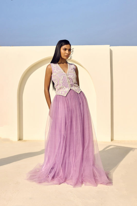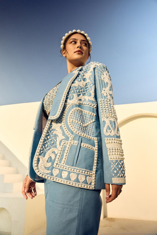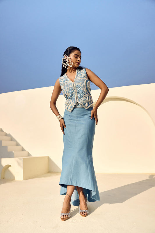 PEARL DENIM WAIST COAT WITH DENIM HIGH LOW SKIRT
☆ ☆ ☆
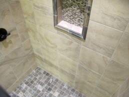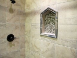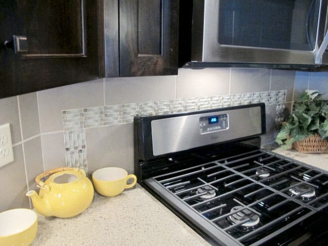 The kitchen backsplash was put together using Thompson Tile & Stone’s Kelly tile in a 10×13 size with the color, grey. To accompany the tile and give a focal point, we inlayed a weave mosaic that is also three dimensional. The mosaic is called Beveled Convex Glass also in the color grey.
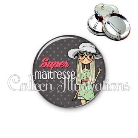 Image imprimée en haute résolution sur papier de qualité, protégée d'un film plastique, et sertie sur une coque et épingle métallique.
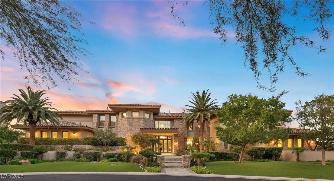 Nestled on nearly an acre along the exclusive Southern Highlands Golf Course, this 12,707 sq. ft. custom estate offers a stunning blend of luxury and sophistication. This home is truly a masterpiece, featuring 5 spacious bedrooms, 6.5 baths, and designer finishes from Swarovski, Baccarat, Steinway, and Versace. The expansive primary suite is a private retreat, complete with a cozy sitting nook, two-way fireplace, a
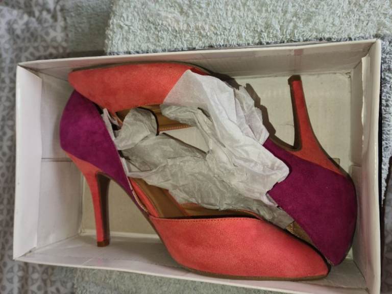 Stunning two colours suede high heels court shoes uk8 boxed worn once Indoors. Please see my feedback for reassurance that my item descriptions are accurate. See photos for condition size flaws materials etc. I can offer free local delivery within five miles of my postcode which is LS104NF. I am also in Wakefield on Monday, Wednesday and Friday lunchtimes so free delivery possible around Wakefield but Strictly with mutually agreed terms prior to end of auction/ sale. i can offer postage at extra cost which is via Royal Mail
☆ ☆ ☆
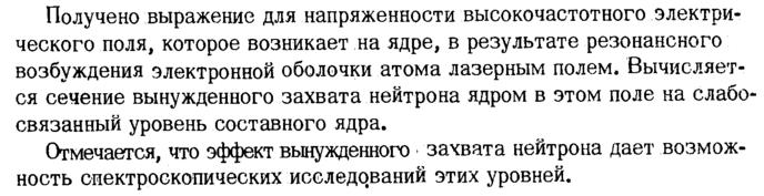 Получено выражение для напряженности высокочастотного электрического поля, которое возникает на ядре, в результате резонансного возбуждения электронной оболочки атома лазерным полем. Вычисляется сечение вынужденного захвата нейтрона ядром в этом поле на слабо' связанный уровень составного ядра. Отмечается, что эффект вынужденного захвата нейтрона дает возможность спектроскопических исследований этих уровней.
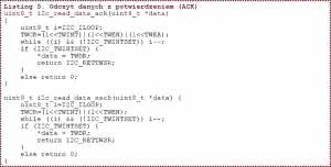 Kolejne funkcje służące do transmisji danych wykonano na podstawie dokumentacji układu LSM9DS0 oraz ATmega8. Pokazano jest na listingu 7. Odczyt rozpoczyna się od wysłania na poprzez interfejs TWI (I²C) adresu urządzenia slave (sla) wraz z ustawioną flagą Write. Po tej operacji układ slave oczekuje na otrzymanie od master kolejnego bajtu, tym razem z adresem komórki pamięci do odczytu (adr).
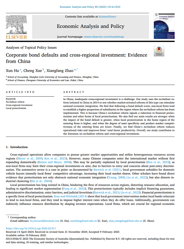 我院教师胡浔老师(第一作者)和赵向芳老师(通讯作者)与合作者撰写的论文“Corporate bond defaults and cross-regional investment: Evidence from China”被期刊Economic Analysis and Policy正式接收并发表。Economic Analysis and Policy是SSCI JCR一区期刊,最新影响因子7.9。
☆ ☆ ☆
In the records above, everything from the line with "Kolejne funkcje służące" down to the line with "and Policy是SSCI JCR一区期刊,最新影响因子7.9。" is to be set down exactly, both ends included, with no pictures and no other lines.

 Kolejne funkcje służące do transmisji danych wykonano na podstawie dokumentacji układu LSM9DS0 oraz ATmega8. Pokazano jest na listingu 7. Odczyt rozpoczyna się od wysłania na poprzez interfejs TWI (I²C) adresu urządzenia slave (sla) wraz z ustawioną flagą Write. Po tej operacji układ slave oczekuje na otrzymanie od master kolejnego bajtu, tym razem z adresem komórki pamięci do odczytu (adr).
 我院教师胡浔老师(第一作者)和赵向芳老师(通讯作者)与合作者撰写的论文“Corporate bond defaults and cross-regional investment: Evidence from China”被期刊Economic Analysis and Policy正式接收并发表。Economic Analysis and Policy是SSCI JCR一区期刊,最新影响因子7.9。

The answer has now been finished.